Feature importance results (the greater the decrease in accuracy, the more important the feature).

Fig. 8 shows the results of the time-step analysis so we know features of which of the past days are most influential in predicting the final output. As discussed earlier, all time-dependent and cross-county time-dependent features use 13 days of past data. Since the projection interval of the model is 7 days, the most recent day used for input features is 7 days before the prediction date (also called projected date). As shown by Fig. 8, the most recent days are the most important in predicting the growth of cases.

FIGURE 8.

FIGURE 8.

Time step analysis. This analysis shows how important features of each of the past days are in predicting the final output. The results indicate that the feature values related to the most recent days are most important in predicting the growth of cases 7 days in the future. Refer VI-B for more details.

C. Feature Interactions

Fig. 9 shows second-order interactions between all feature groups computed by the method described in Section V. The values in the cells represent the mean activations of the second-order interactions of corresponding feature groups. As discussed in Section V, higher values represent higher observed interactions. An important observation from the figure is that almost all feature groups have notable interaction with census features. This result indicates that all other county-level features must be interpreted in the context of the population attributes of that county. For example, two counties with different population attributes may require varying amounts of adherence to social distancing orders to produce the same dampening effect in the growth of disease spread. Note also that Fig. 7, which shows important features identified by the model, does not include many census features, indicating that census features alone do not contribute much to prediction of the growth in future cases.

FIGURE 9.

FIGURE 9.

The observed second-order interactions between input feature groups. Higher value in a cell represents higher amount of interaction among the corresponding feature groups. Refer to VI-C for more details.

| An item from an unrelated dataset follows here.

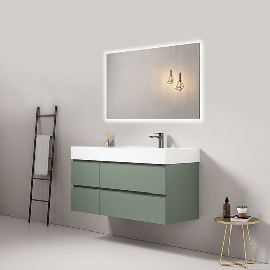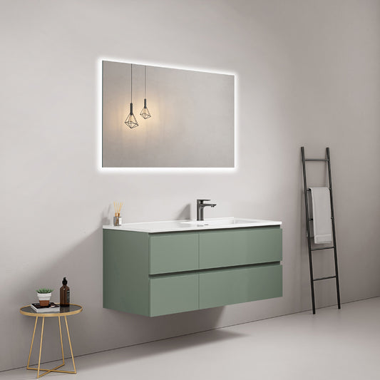 Mobile bagno sospeso 120 cm Verde Salvia Lavabo a Destra in Resina Specchio Quadro Retroilluminato - Fiji Paint

Also, the results show that many feature groups have relatively high interaction with cross-county mobility and infections. For example, a relatively high interaction exists between cross-county mobility & infections and social distancing metrics. This result indicates that travellers from other counties have a different kind of impact in destination counties which have higher adherence to social distancing than they do in destination counties with lower adherence levels. This analysis validates our initial hypothesis that interactions among the many input feature groups are likely to exist and aid in predicting the rise in future number of cases in counties.

VII. Limitations and Future Work

Although a novel and effective deep learning based COVID-19 forecasting model has been proposed in this paper, there are a few limitations of the proposed method as described in this section.

Although the model explicitly accounts for second order interactions between feature groups, there is currently no suitable method to interpret these interactions at the individual feature level. In other words, although we may be able to show with our current analysis that there is high interaction between census features and social distancing features, we cannot determine which exact census features interact with which exact social distancing features. Also, since the current model is based on the DeepFM [22] framework, higher order interactions are only captured implicitly, and therefore, cannot be easily interpreted. However, any interpretable information about both individual feature interactions and higher order interactions could be very useful for researchers and policymakers to better understand the spread of the virus. In the future, the design of the DeepFM framework can be modified to capture feature interactions more explicitly based on recent deep learning advances [67], [68] with similar goals.

In addition, although the model achieves satisfying accuracy, there is still room for improvement. One potential method to improve the accuracy can be to add new features to the model since the model is capable of taking in arbitrary number of heterogeneous features. As mentioned in section VI-B, many features identified to be important in forecasting the spread of the virus have been manually engineered. Hence, researchers could engineer more temporal and spatiotemporal features important in predicting the spread of the virus, which can later be included in models like DeepCOVIDNet to increase their performance.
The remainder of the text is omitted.